In the past two years, Chinese American and Asian American Pacific Islander communities have been reporting a tidal wave of racist and xenophobic incidents clearly related to the COVID 19 pandemic.

“I’d like to refer you to the stopaapihate.org website that has a number of reports on the more than nine thousand incidents, that have been reported to their one website from March 2020 to June 2021. Among their reports they showed, that of those nine thousand incidents, more than two to one, more than 66 percent of those attacks, have been against Asian American women. Girls in K-12, young Asian American females. This is just one website. It’s clearly an undercount.

“Within this past year, we’ve seen killings in Atlanta, Georgia, that targeted Asian American women who work at spas,” pointed Helen Zia.

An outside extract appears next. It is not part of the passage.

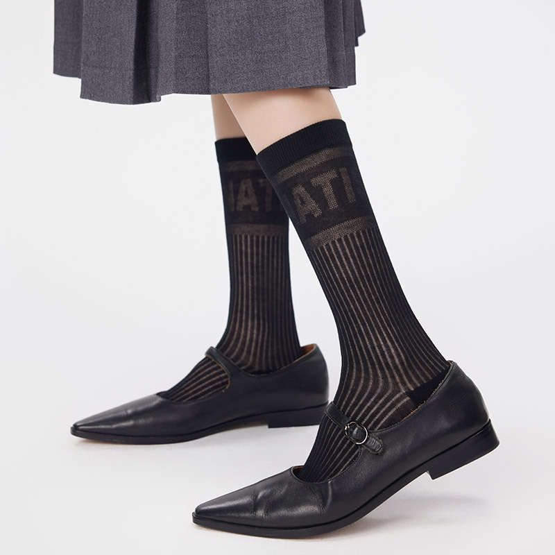 镂空网眼袜子女春夏薄款透气字母韩版堆堆袜日系运动长袜抽条女袜

“Just to give a little bit of the framework, why we know that xenophobic attacks, racist attacks against people of color and immigrants, are based on this idea of a ‘foreign invader’ to the ‘Make America White Again’ world. That there is an otherness, that is about rendering whole groups of people as second class, as being less than human, and many of these supremacist groups just come right out and say that people of color are sub-human; that they’re not human and in addition, we layer on gender-based attacks against women and so that also subjugates women as human beings, making women expendable, disposable. When you combine them, the impact is that the lives of women of color, the lives of Asian American women, the lives of immigrant women, are facing multiple jeopardy for being just who they are,” said Zia.

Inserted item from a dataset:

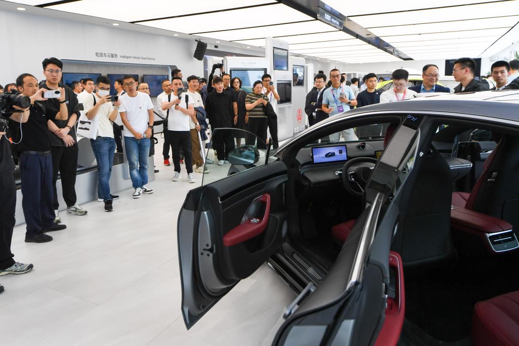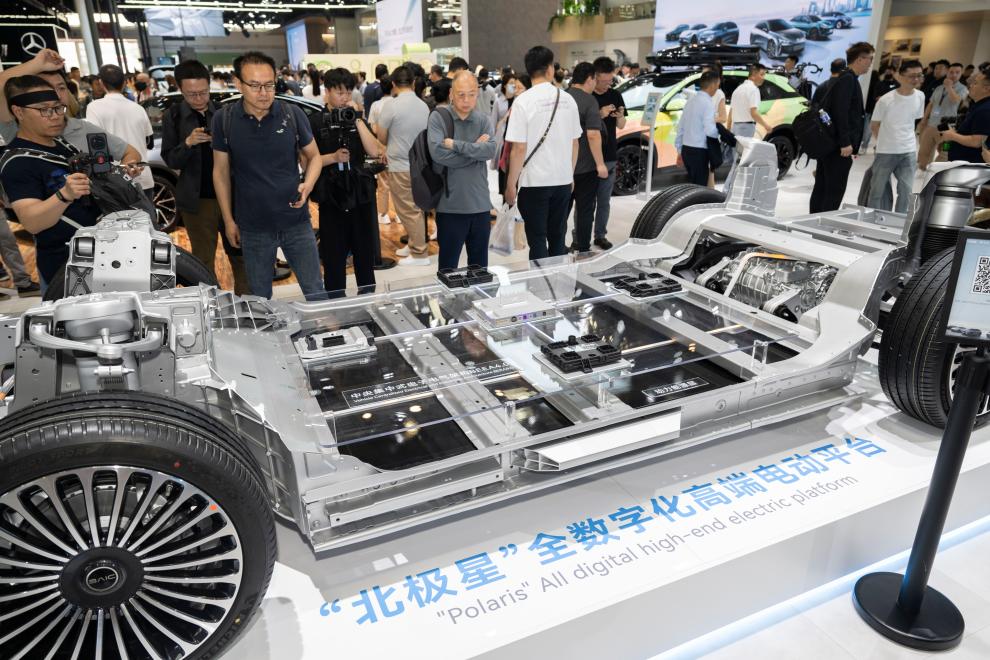 4月25日,在北京中国国际展览中心顺义馆举行的2024北京车展上,观众在北汽集团观看“北极星”全数字化高端电动平台。

“They may even face a stigma within their own community for something happening to them,” added Zia.

“Olympians who are women, or girls, weren’t even treated with respect, or have their reports of sexual assault taken seriously, it’s no wonder, Asian American women and women of color in general, hesitate to report at all, when they’ve been made so invisible and powerless in America. It’s part of the systemic inequalities and inequities.

“Two months after Penthouse magazine ran a pornographic so-called story about Asian American women featured pictorially in positions of bondage and looking like they were dead, an eight-year-old Chinese American girl was found raped murdered lynched hanging from a tree in North Carolina, in a position that duplicated one that was in that magazine spread, and that was not treated seriously,” said Zia.

“There have been many reports about young Asian immigrant women and international students who have been attacked by serial sexual assaulters, rapists seeking out Asian American or Asian women. There was a college fraternity at Ohio state university that ran an ethnic sex challenge that listed a checklist of different ethnicities of women that their fraternity brothers should sexually assault or have sex with. There were gang rapes of Asian women then. The list goes on,” said Zia.

Irene de Barraicua spoke about the discrimination that Latina women, immigrants in particular, face in the U.S. and their countries of origin as well. “Latina and indigenous women, agricultural workers, in particular immigrants coming from Mexico, Central and South America, faced violence in various forms in their countries of origin. Many escaped violence from intimate partners, from society, from exploitation in the workplace, and many have fallen victim to labor and sexual trafficking. They came to the U.S. seeking refuge.

“A network of women farm worker leaders began in the 80’s by a group of women known as Mujeres Mexicanas in Coachella, Calif. The purpose of this was to address the issues that Latina women face – discrimination, being often sexualized and dehumanized, in the school districts, in their own work sites, as farm workers.

“This network of women farm workers has made a difference for many, lifting their voices and having them speak up,” said Barraicua.

Commenting on the U.S-China tensions, Zia said, “It will make the lives of Asians in America worse… We’ve gone through a long period in America of isolating, targeting, scapegoating, and harming people who are different… The U.S-China policies right now and for the foreseeable future are going to continue this. Asian-American women as the perceived vulnerable population will continue.”